Scroll down past the intro to see the rest of the photos.
UPDATE
(May 2004) Rosenberg's Tower 17, the last traditional manned railroad interlocking tower in Texas, closed in February 2004.
Earlier this month, the tower was moved approximately a half-mile to the east, to the property of the Rosenberg Railroad
Museum. Unmanned steel signal bungalows now stand watch over
the newly automated interlocker; a Union Pacific dispatcher in nearby Spring (a Houston
suburb) controls the signals and switches at the crossing.
I had the
opportunity to visit the tower on three separate occasions during its final years of operation.
Please enjoy the following account of my first visit to Rosenberg's Tower 17 in February 2002.
* * * * *
Tower 17 is the last manned railroad interlocking tower in the state of Texas. To anyone
who's spent any length of time watching or photographing trains in Texas, this hardly
seems possible. I myself have been shooting photos of Texas trains for a mere 18 years,
and I've witnessed numerous towers become casualties of technology and automated operation:
North Tower, South Tower, and Tower 19 in Dallas; Tower 55 in Fort Worth; Tower 3 in
Flatonia; and Tower 16 in Sherman are just a few of them.
So Tower 17 is all that's left, but what a place it is... featuring a daily train
frequency well into the dozens and hosting the likes of UP, BNSF, Amtrak, and -- depending
on their routing -- KCS/TFM.
Situated just west of downtown Rosenberg, which itself is located roughly 35 miles
southwest of downtown Houston, the tower protects the busy crossing of the
BNSF (ex-ATSF) Galveston Sub between Temple and Galveston and the UP (ex-Southern
Pacific) Glidden Subdivision between San Antonio and Houston. The UP is the busier of
the two lines, hosting everything from transcontinental double stack trains to
rock shuttles of Texas limestone to
"rolling yards" -- drag freights well over a mile in length purged out by Houston's
Englewood or Settegast terminals. BNSF's Galveston Sub is no slouch, though,
as it hosts manifest freights and intermodal trains into and out of Houston / Galveston,
grain trains bound for the Port of Houston, and coal trains destined for Reliant
Engergy's Smithers Lake power plant 15 miles to the southeast.
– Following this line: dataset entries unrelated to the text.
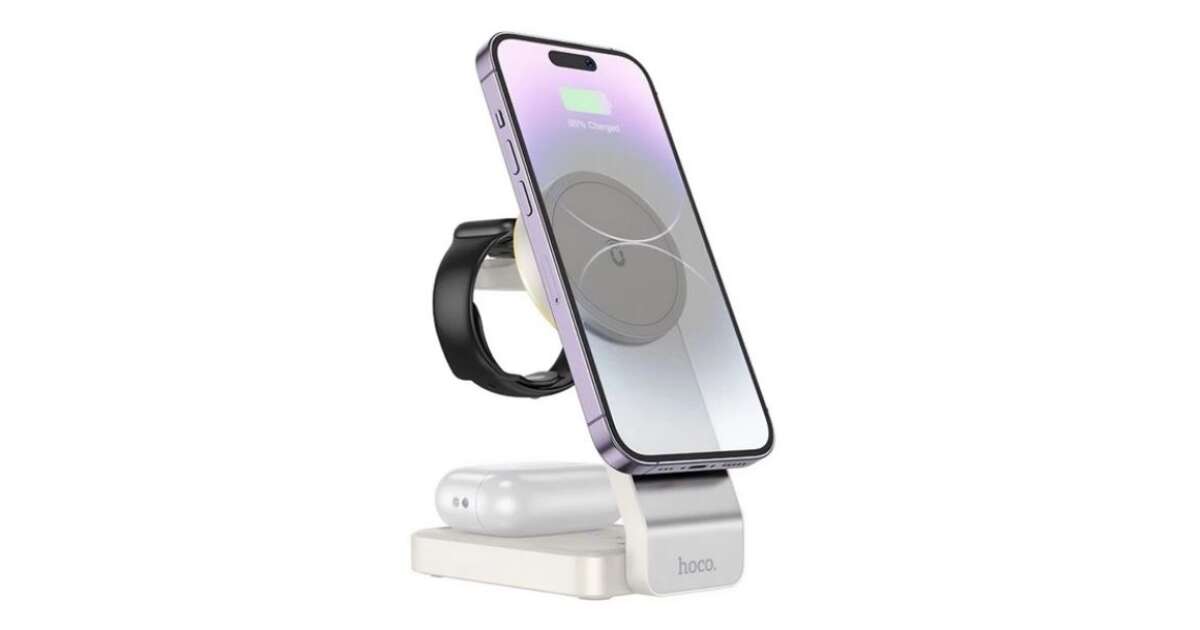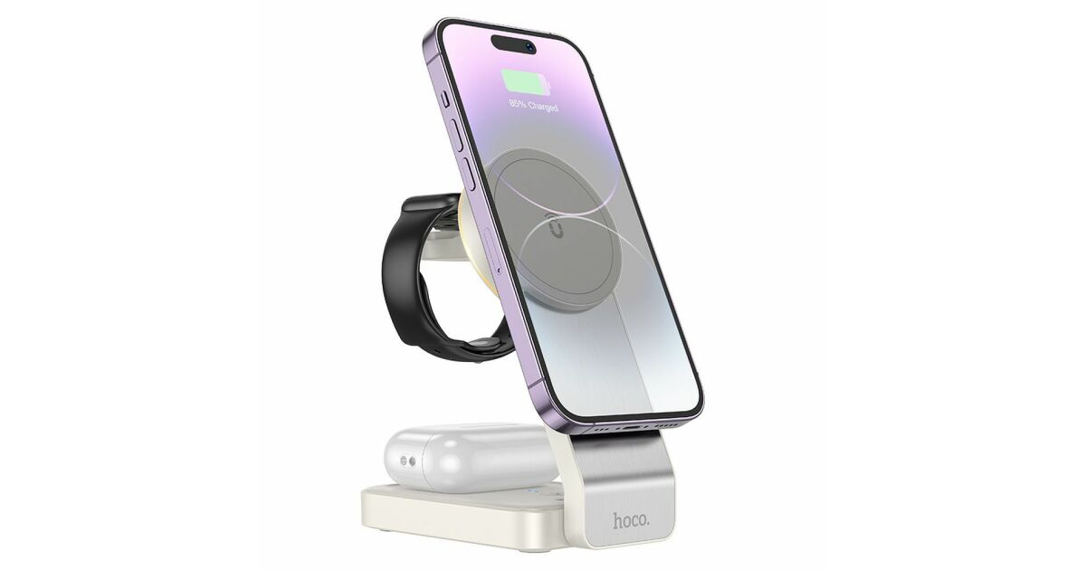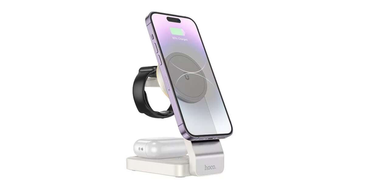 Stand de încărcare wireless 3 în 1 HOCO: Încarcă-ți iPhone-ul, Apple Watch-ul și AirPod-urile simultan! 📱⌚️🎧
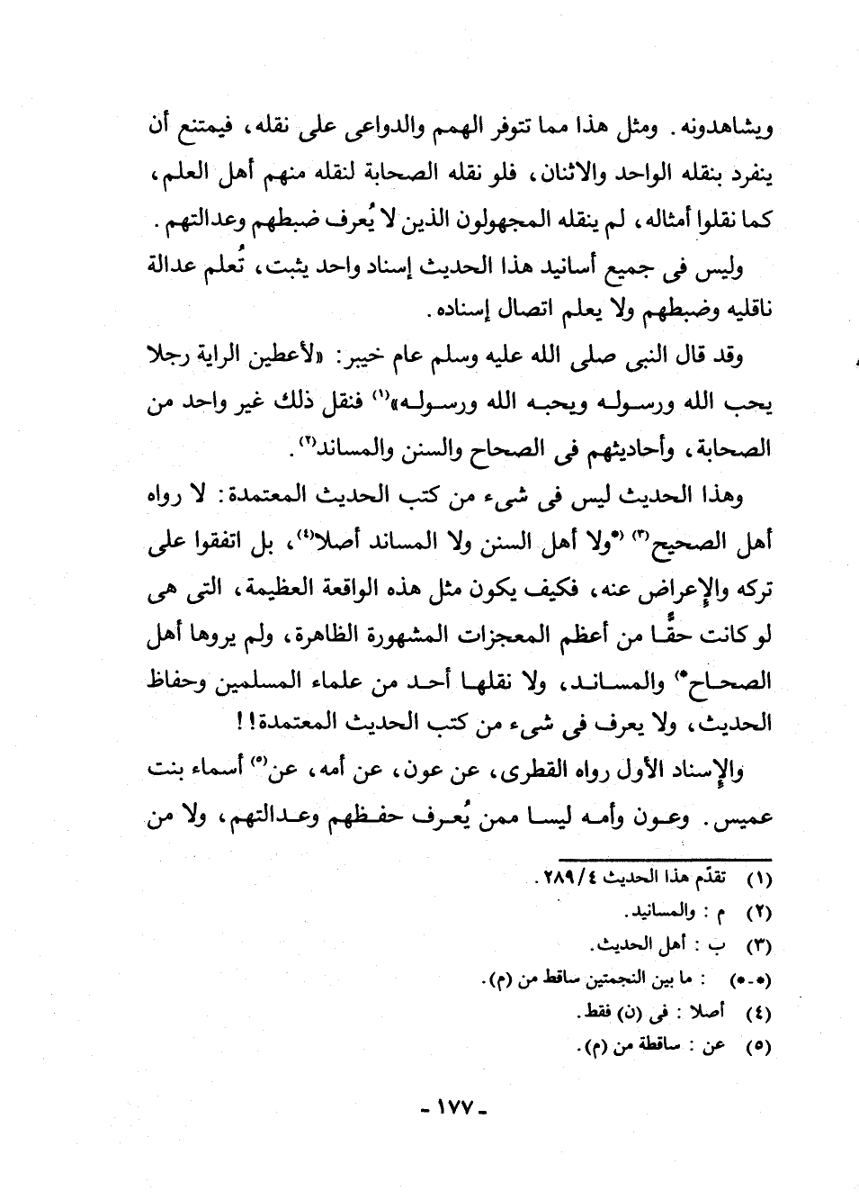 وَهَذَا الْحَدِيثُ لَيْسَ فِي شَيْءٍ مِنْ كُتُبِ الْحَدِيثِ الْمُعْتَمَدَةِ: (* لَا رَوَاهُ أَهْلُ الصَّحِيحِ (¬3) وَلَا أَهْلُ السُّنَنِ وَلَا الْمَسَانِدِ أَصْلًا (¬4) ، بَلِ اتَّفَقُوا عَلَى تَرْكِهِ وَالْإِعْرَاضِ عَنْهُ، فَكَيْفَ يَكُونُ مِثْلُ هَذِهِ الْوَاقِعَةِ الْعَظِيمَةِ، الَّتِي هِيَ لَوْ كَانَتْ حَقًّا مِنْ أَعْظَمِ الْمُعْجِزَاتِ الْمَشْهُورَةِ الظَّاهِرَةِ، وَلَمْ يَرْوِهَا أَهْلُ الصِّحَاحِ *) (¬5) وَالْمَسَانِدِ، وَلَا نَقَلَهَا أَحَدٌ مِنْ عُلَمَاءِ الْمُسْلِمِينَ وَحُفَّاظِ الْحَدِيثِ، وَلَا يُعْرَفُ فِي شَيْءٍ مِنْ كُتُبِ الْحَدِيثِ الْمُعْتَمَدَةِ! !
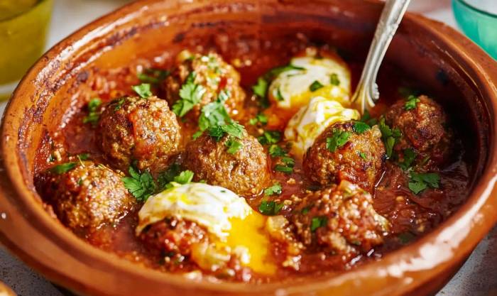 - Versez les œufs battus sur les boulettes et couvrez la poêle ou le tajine. Laissez cuire 3 minutes supplémentaires, jusqu’à ce que les œufs soient légèrement pris mais encore crémeux.
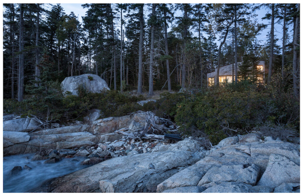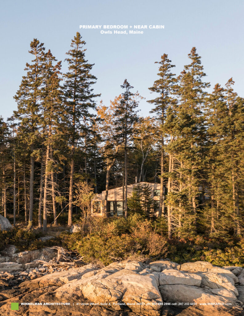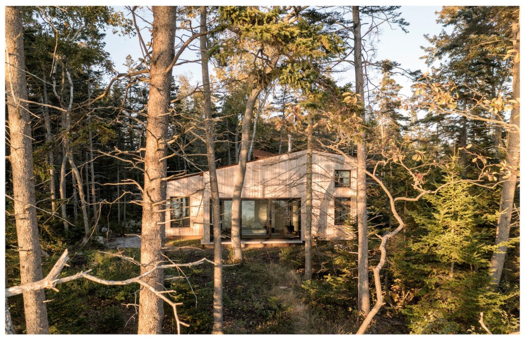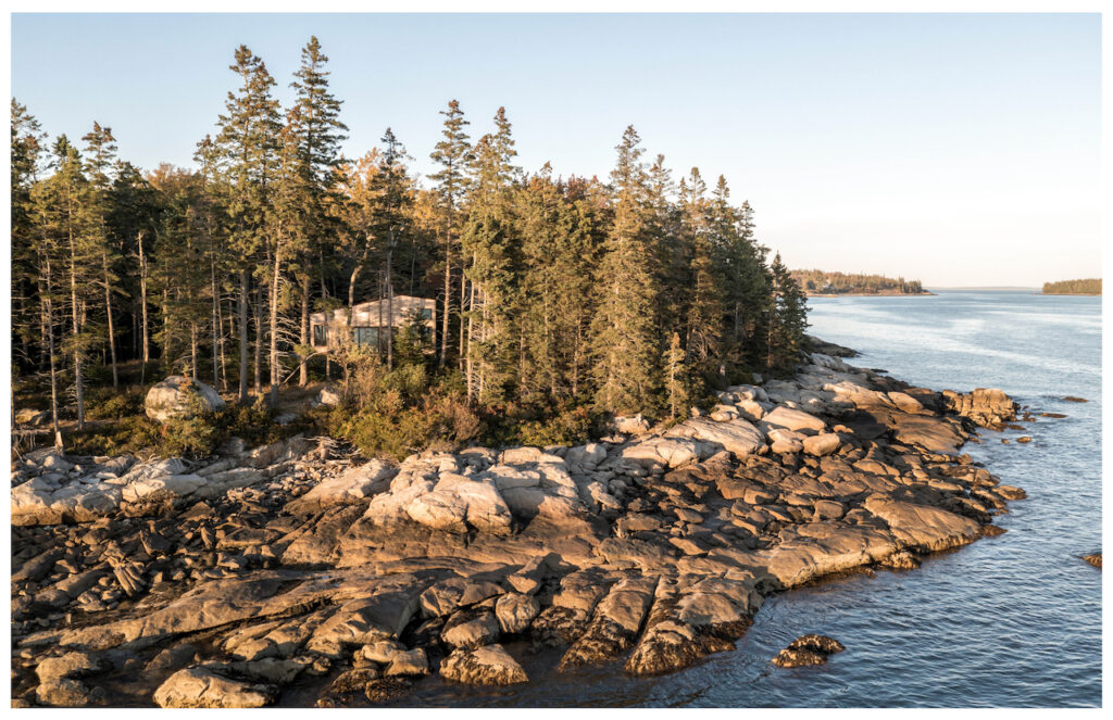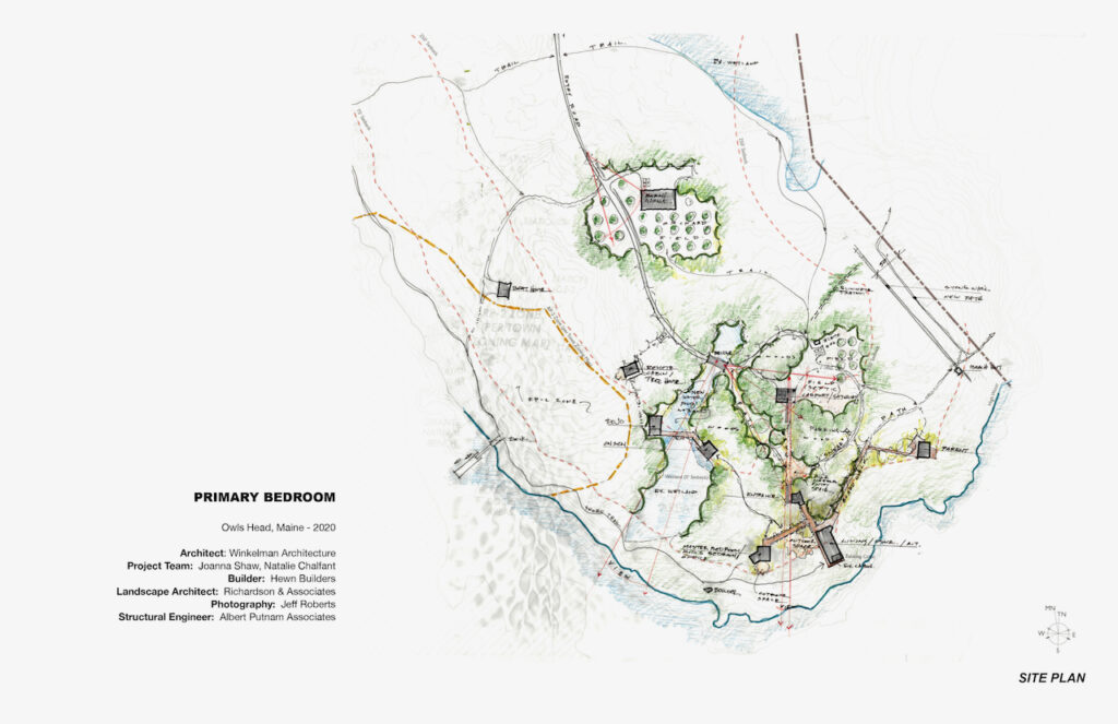 The principal bedroom suite at Otter Pt, completed in 2020, is a serene retreat connected to the main social hub by a boardwalk. This design takes advantage of the site's multiple building locations, offering extraordinary views and a strong connection to nature.
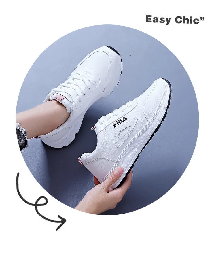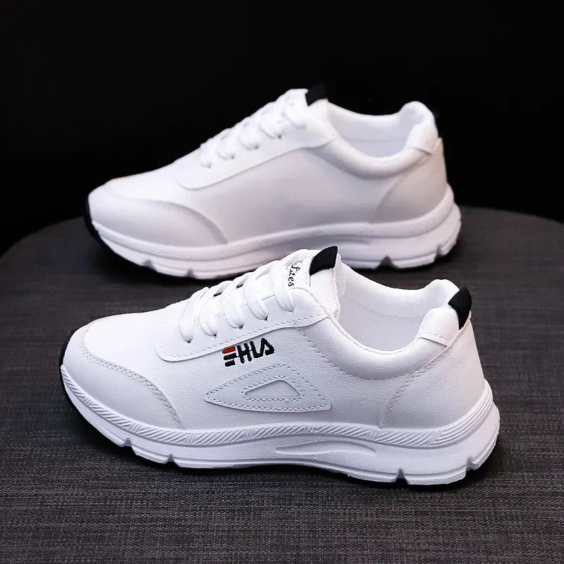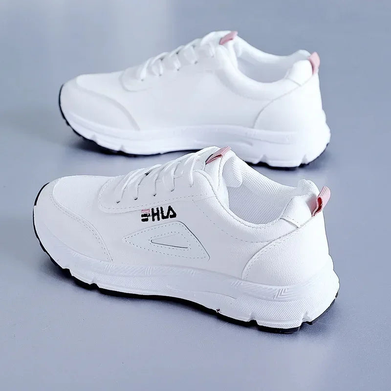 Diese weißen Damensneaker verbinden atmungsaktives Material mit einer leichten, flexiblen Sohle und bieten so den ganzen Tag Komfort bei Spaziergängen, Trainingseinheiten und urbanen Aktivitäten.
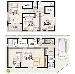 間取り内訳:洋室 7.2帖・洋室 5.2帖・洋室 5.2帖・リビングダイニングキッチン 15.6帖
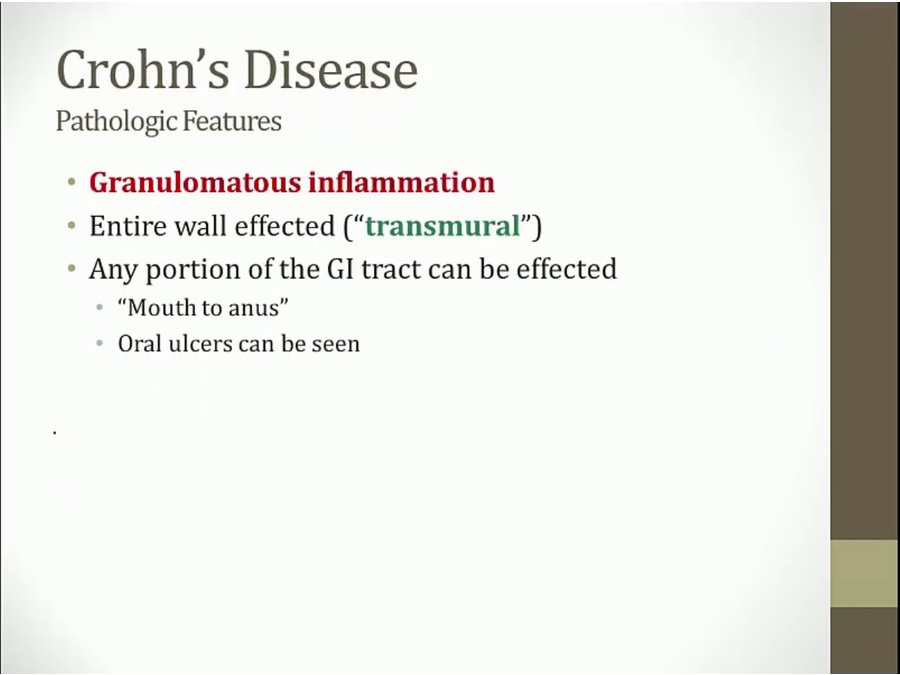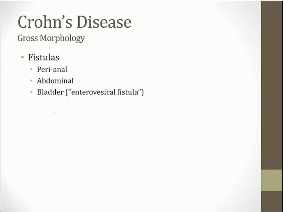transmural inflammation spread outside the wall and to other places (bladder, skin)

If you spend any length of time at Tower 17, you'll likely see the trains of both UP and
BNSF operating over each other's tracks. In fact, there are so many trackage rights
trains operating on either line that the uninitiated observer could easily be forgiven
as to having no clue which line is which! Sometimes, even the railroads don't always seem
to be cut in on which trains will operate where until the very last minute. It's not
uncommon for the tower operator to be called upon to "hoop up orders" to a train whose
routing has suddenly been altered from the Galveston Sub to the Glidden line as it
approaches the tower.
Numerous UP trains utilize trackage rights over BNSF between Sealy (where the BNSF connects with an
ex-MKT line between Sealy and Smithville -- now UP's Smithville Subdivision) and Rosenberg,
where they return to UP trackage to reach
Houston over the Glidden Sub. Other UP trains continue on the BNSF Galveston Sub through Rosenberg
to Algoa
before returning to UP trackage. Conversely, BNSF trains use the UP Glidden Sub as a
shortcut between Rosenberg and Houston, a convenient alternative to its own lengthier
route southeast to Alvin and then angling back north to Houston over the Mykawa
Subdivision.
KCS / TFM trains running between Laredo and Houston frequently contribute additional
color and variety to the daily parade past Tower 17.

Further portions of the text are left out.